GE chemist’s varnish company evolved into SI Group

Howard Wright’s vision with varnish helped him build a prosperous and long-lasting company
W. Howard Wright left GE and in 1906 and started Schenectady Varnish Co. on Congress Street.
W. Howard Wright left GE and in 1906 and started Schenectady Varnish Co. on Congress Street.

Categories: Business, Life & Arts, News, Schenectady County

Of W. Howard Wright’s many accomplishments, none of them probably matched winning the heart of Beulah DeForest.
Wright, the founder of what is now Schenectady International Group, started his company in 1906 on Congress Street with the financial help of his wife and her father, Henry Schermerhorn DeForest, one of the richest men in town.
“He went to Beulah and asked if he could borrow some money to start his own company,” said Heather Ward, a family descendant and board chair of the Wright Family Foundation. “Her father was a U.S. congressman and a mayor in Schenectady, he was a broom maker, and he was into real estate. According to family lore, Howard borrowed the money from Beulah and then paid her back, every cent, with interest.”
Wright, the son of a Union College professor, was a chemist at General Electric before leaving the company and starting his own business, the Schenectady Varnish Co.

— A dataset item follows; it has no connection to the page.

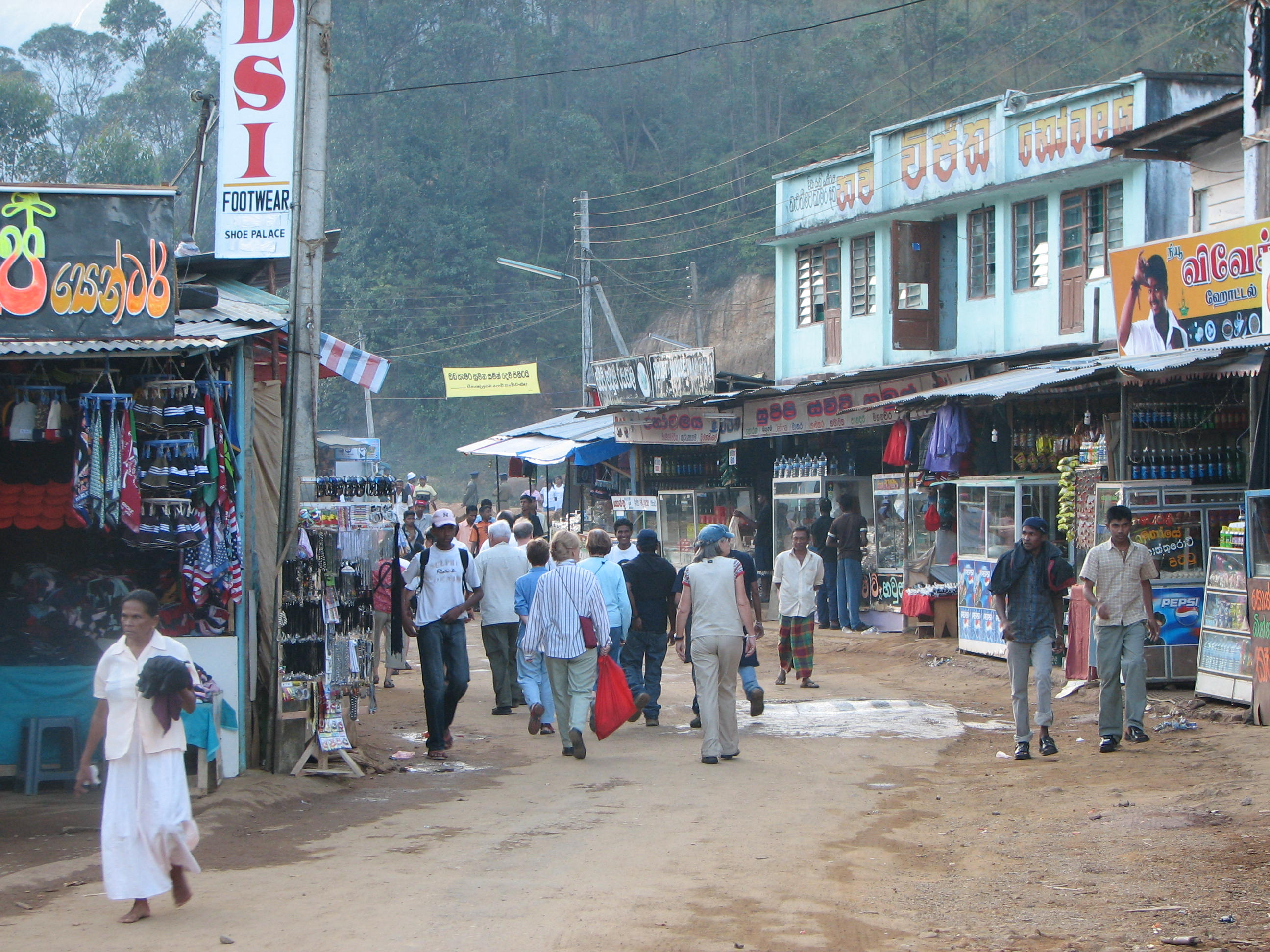 Maskeliya, near Adam's Peak, Sri Lanka
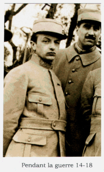 Henry Lentulo, oral surgeon

In the 1950s, he moved the plant to its current site in Rotterdam Junction where his son, Henry D. Wright, took over and changed the name to Schenectady Chemicals in 1962. In 1968, the W. Howard Wright Research Center was built on Balltown Road in Niskayuna.
“Howard had this great solution for varnish but GE had no real interest in making it,” said Ward, who is the unofficial family historian. “They told him if he wanted to do that he would have to go elsewhere. So he left and I think it was harmonious. There was no contentiousness.”
While Wright’s vision with varnish — it’s used to help reinforce lamps, disc brakes and tires — helped him build a prosperous and long-lasting company, he wasn’t the only one with smarts.
“Beulah was no dummy,” said Ward, who is the Wrights’ great-grandaughter. “I found one of her old notebooks and there’s all kinds of financial information in it. It has her notes on stock investment and a number of other things. She was a smart cookie.”
Along with the intelligence and creativity Wright demonstrated by building his business, he instilled in his children the idea of helping others. The Wright Family Foundation, which contributed $1.2 million to charitable organizations in 2016 alone, is part of Howard’s philanthropic legacy.
Beulah, however, may have also played a big part in the family tradition through the example set by her father.
While DeForest may have been one of Schenectady’s first millionaires, according to former Schenectady County Historical Society president Frank Taormina, he also gladly shared his wealth.
“When you read about DeForest you can’t help but like him,” Taormina told The Daily Gazette in 2007. “He became very rich because of his real estate dealings, but he supposedly never foreclosed on anybody. And if you bought some property from him, he would do everything he could to help you. He wanted you to succeed.”